Reputation: 13
I am trying to train a Neural Network(NN) implemented through Keras to implement the following function.
y(n) = y(n-1)*0.9 + x(n)*0.1
So the idea is to have a signal as train_x data and pass through the above function to get a train_y data, giving us a (train_x, train_y) training data.
import numpy as np
from keras.models import Sequential
from keras.layers.core import Activation, Dense
from keras.callbacks import EarlyStopping
import matplotlib.pyplot as plt
train_x = np.concatenate((np.ones(100)*120,np.ones(150)*150,np.ones(150)*90,np.ones(100)*110), axis=None)
train_y = np.ones(train_x.size)*train_x[0]
alpha = 0.9
for i in range(train_x.size):
train_y[i] = train_y[i-1]*alpha + train_x[i]*(1 - alpha)

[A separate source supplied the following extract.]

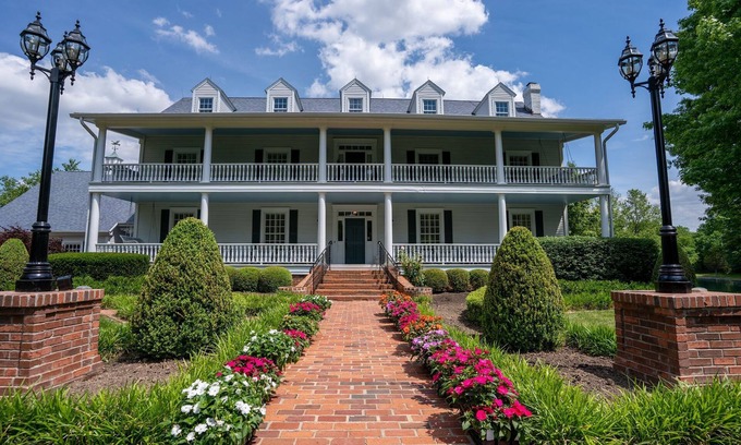 Step back in time, but leave no modern amenity behind. This Charleston style Southern mansion, located just one mile from Pine Manor, has five bedrooms, an old fashioned 5 bed attic bedroom, and 4.5 baths, the 10,000 square foot Oak Manor is the second largest guest house at Pine Manor Estates. It sits on over 10 acres with two private stocked lakes, private movie room, library and man cave with poker table. Enjoy warm Southern Illinois afternoons and cool southern cocktails on the grand porch, time seems to have a way of just slowing down to the perfect pace at Oak Manor.

train_x data vs train_y data plot
The function under question y(n) is a low pass function and makes the x(n) value to not change abruptly, as shown in the plot.
Then I make a NN and fit it with (train_x, train_y) and plot the
model = Sequential()
model.add(Dense(128, kernel_initializer='normal', input_dim=1, activation='relu'))

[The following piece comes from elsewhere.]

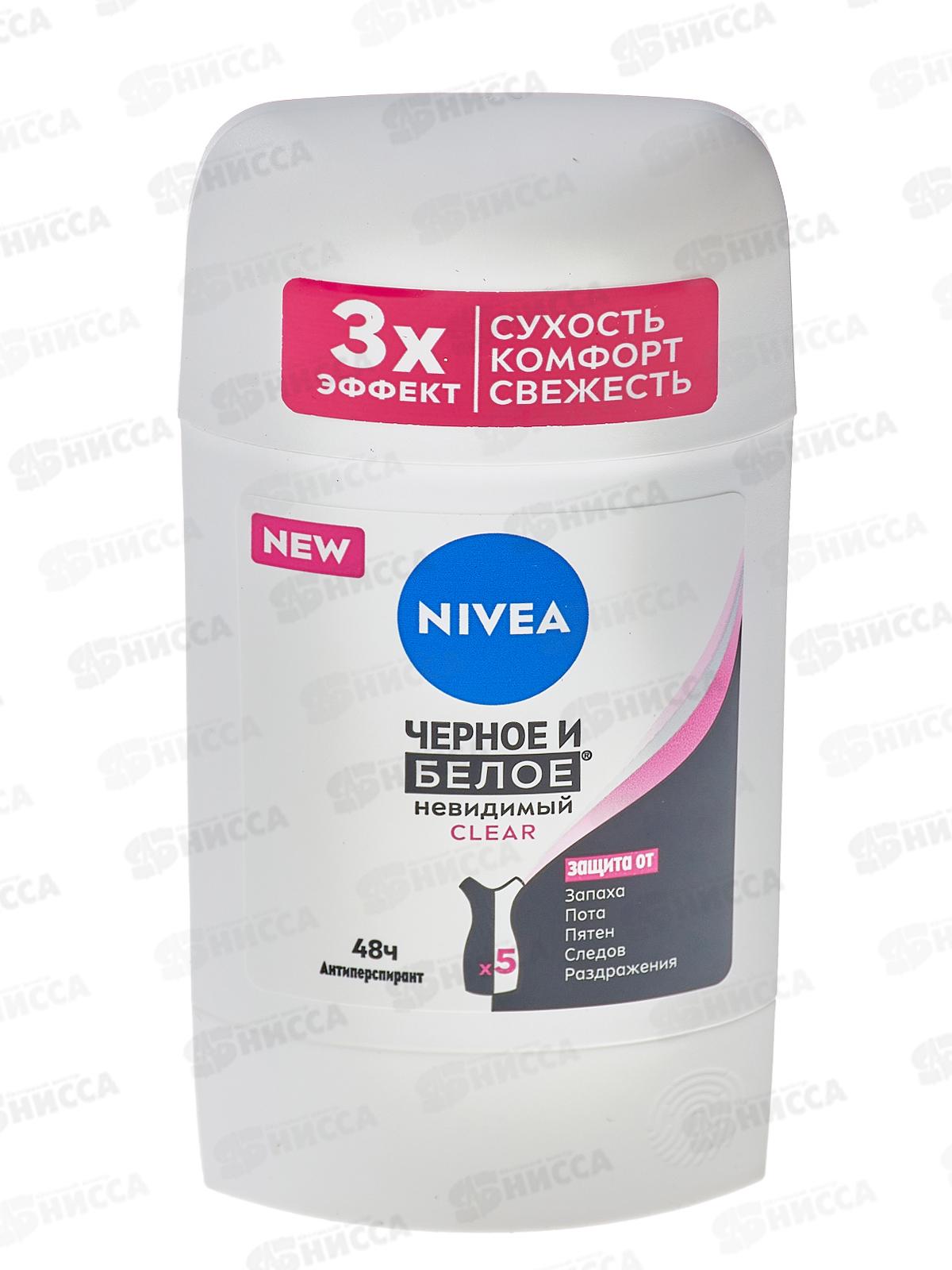 НИВЕЯ дезодорант стик женский Черное и Белое Невидимый Clear 50мл *15/5 84153

model.add(Dense(256, kernel_initializer='normal', activation='relu'))
model.add(Dense(256, kernel_initializer='normal', activation='relu'))
model.add(Dense(256, kernel_initializer='normal', activation='relu'))
model.add(Dense(1, kernel_initializer='normal', activation='linear'))
model.compile(loss='mean_absolute_error',
optimizer='adam',
metrics=['accuracy'])
history = model.fit(train_x, train_y, epochs=200, verbose=0)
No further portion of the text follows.